Data excerpts:
= Beginning of Section =

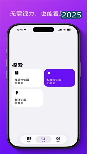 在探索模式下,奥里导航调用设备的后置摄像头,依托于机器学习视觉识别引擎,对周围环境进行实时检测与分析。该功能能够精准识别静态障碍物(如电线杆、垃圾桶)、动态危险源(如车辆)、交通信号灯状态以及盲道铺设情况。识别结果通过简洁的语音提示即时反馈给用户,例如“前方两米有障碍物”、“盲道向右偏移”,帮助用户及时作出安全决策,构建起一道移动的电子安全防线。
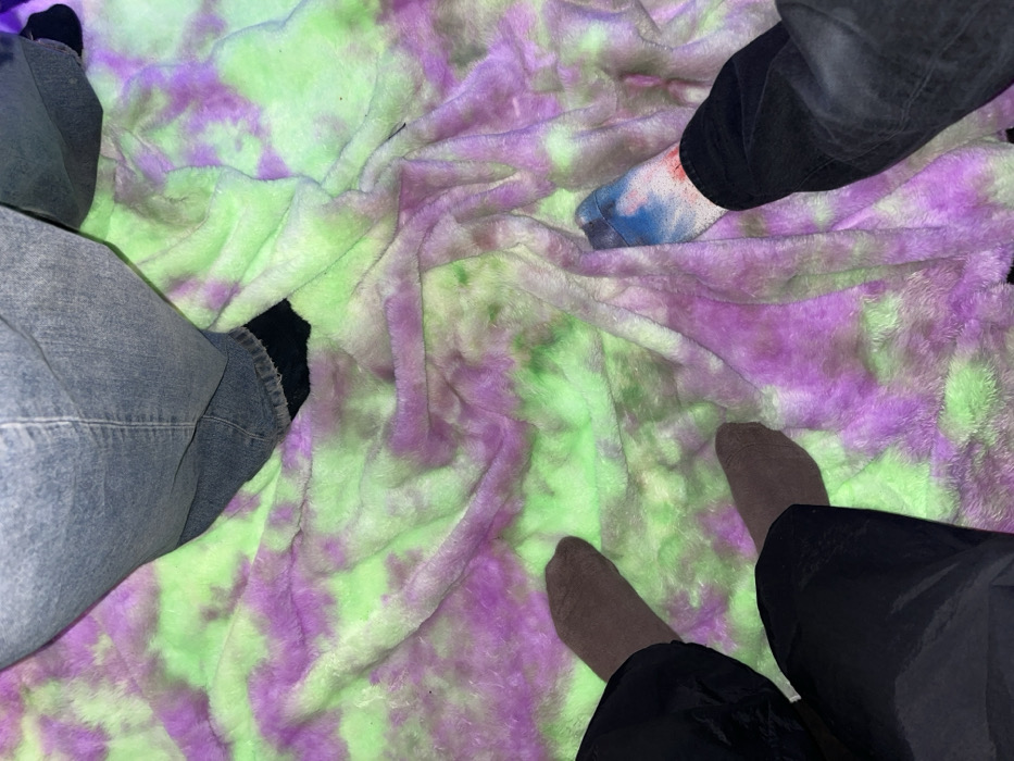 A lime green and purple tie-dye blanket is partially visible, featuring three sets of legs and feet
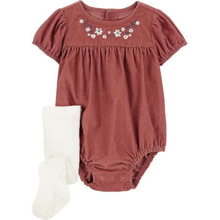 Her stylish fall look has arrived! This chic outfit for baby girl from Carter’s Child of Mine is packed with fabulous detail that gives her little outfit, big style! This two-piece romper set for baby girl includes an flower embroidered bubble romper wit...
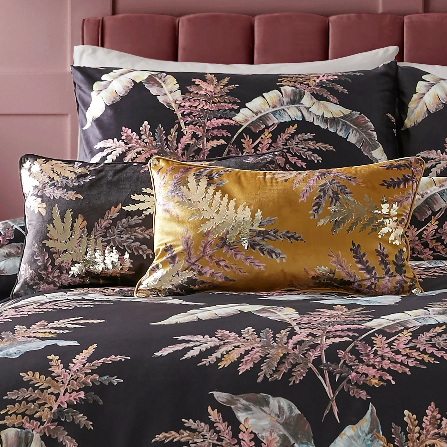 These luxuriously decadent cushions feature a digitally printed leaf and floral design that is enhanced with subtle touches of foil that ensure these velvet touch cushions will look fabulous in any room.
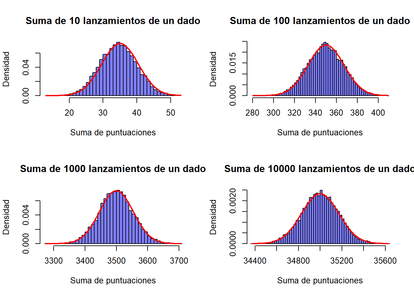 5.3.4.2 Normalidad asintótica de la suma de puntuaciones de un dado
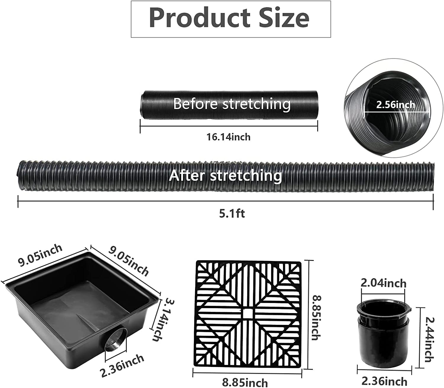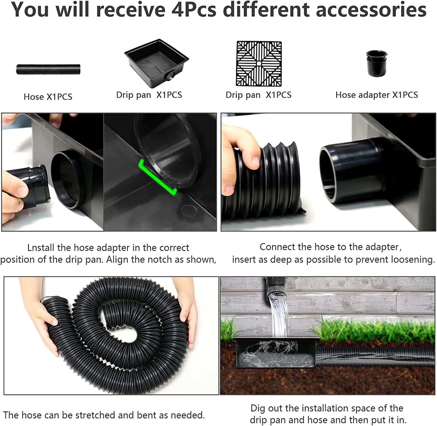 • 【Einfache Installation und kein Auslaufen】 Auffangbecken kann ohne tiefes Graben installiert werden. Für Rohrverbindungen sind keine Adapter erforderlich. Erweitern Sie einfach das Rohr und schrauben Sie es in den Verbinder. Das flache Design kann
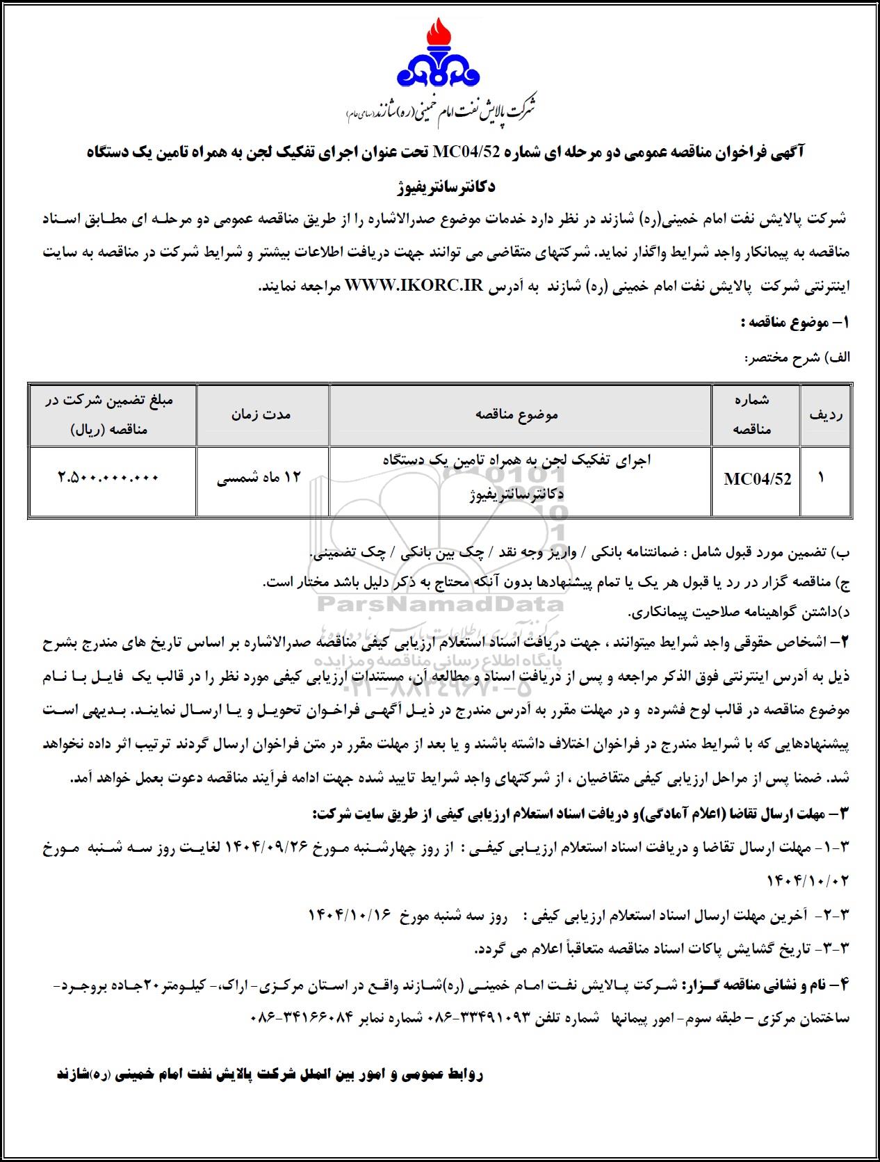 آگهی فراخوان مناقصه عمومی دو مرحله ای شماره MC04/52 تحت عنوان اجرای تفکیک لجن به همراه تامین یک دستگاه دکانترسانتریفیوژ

= End of Section =

Exercise description ▸ Every line from the one containing "A lime green" to the final line of the records must be transcribed exactly, both ends included, with the pictures left out.

Solved exercise ▸
 A lime green and purple tie-dye blanket is partially visible, featuring three sets of legs and feet
 Her stylish fall look has arrived! This chic outfit for baby girl from Carter’s Child of Mine is packed with fabulous detail that gives her little outfit, big style! This two-piece romper set for baby girl includes an flower embroidered bubble romper wit...
 These luxuriously decadent cushions feature a digitally printed leaf and floral design that is enhanced with subtle touches of foil that ensure these velvet touch cushions will look fabulous in any room.
 5.3.4.2 Normalidad asintótica de la suma de puntuaciones de un dado
 • 【Einfache Installation und kein Auslaufen】 Auffangbecken kann ohne tiefes Graben installiert werden. Für Rohrverbindungen sind keine Adapter erforderlich. Erweitern Sie einfach das Rohr und schrauben Sie es in den Verbinder. Das flache Design kann
 آگهی فراخوان مناقصه عمومی دو مرحله ای شماره MC04/52 تحت عنوان اجرای تفکیک لجن به همراه تامین یک دستگاه دکانترسانتریفیوژ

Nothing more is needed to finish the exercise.